Cubrick is a distributed multidimensional in-memory DBMS developed for internal use at Facebook. It is designed for low-latency realtime OLAP analysis over large datasets. It is built from scratch to support merely the necessary features required by its realtime analysis use cases.
String fields in Cubrick are dictionary encoded, for both dimensions (i.e., indices) and metrics (i.e., values). Internally, Cubrick processes string fields using their encoded integers, and only converts them back when returning the results to the users.
Cubrick also uses BESS (Bit-Encoded Sparse Structure) encoding for compressing the multidimensional index for each cell (i.e., a group of metrics corresponding to the same dimension).
Cubrick stores data in bricks (i.e., partitions) in a column-oriented way. In each brick, each column has a dynamic vector to store the metrics or the BESS encoded indices.
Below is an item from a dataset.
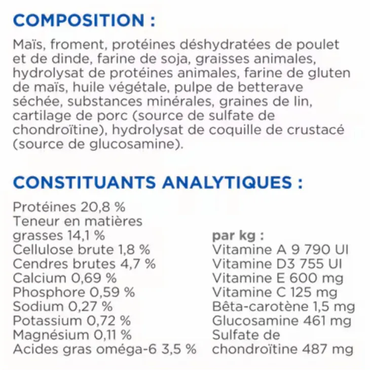 | Composition | au Poulet : Maïs, froment, protéines déshydratées de poulet (7%) et dinde, farine de graines de soja, graisse animale, hydrolysat, farine de gluten de maïs, huile de soja, pulpe de betterave déshydratée, minéraux, graines de lin, riz de brasserie, vitamines, oligo-éléments , cartilage de porc (source de chondroïtine sulfate), hydrolysat de coquille de crustacé (source de glucosamine). Avec un antioxydant naturel (mélange de tocophérols).

Cells in a brick are unordered, and the ingested cells are only appended to the end of the brick.
Cubrick uses Granular Partitioning as the main indexing approach to organize bricks (i.e., partitions) in a cell (i.e., table). Multidimensional indices are converted to partition ids via a conversion function, which maps predefined multidimensional ranges to an integer. The partition id to storage node mapping is maintained by consistent hashing.
Records are partitioned by a predefined conversion function and stored in nodes determined by consistent hashing (row-oriented partitioning). Within each partition, records are stored in a column-oriented way (column-oriented storage).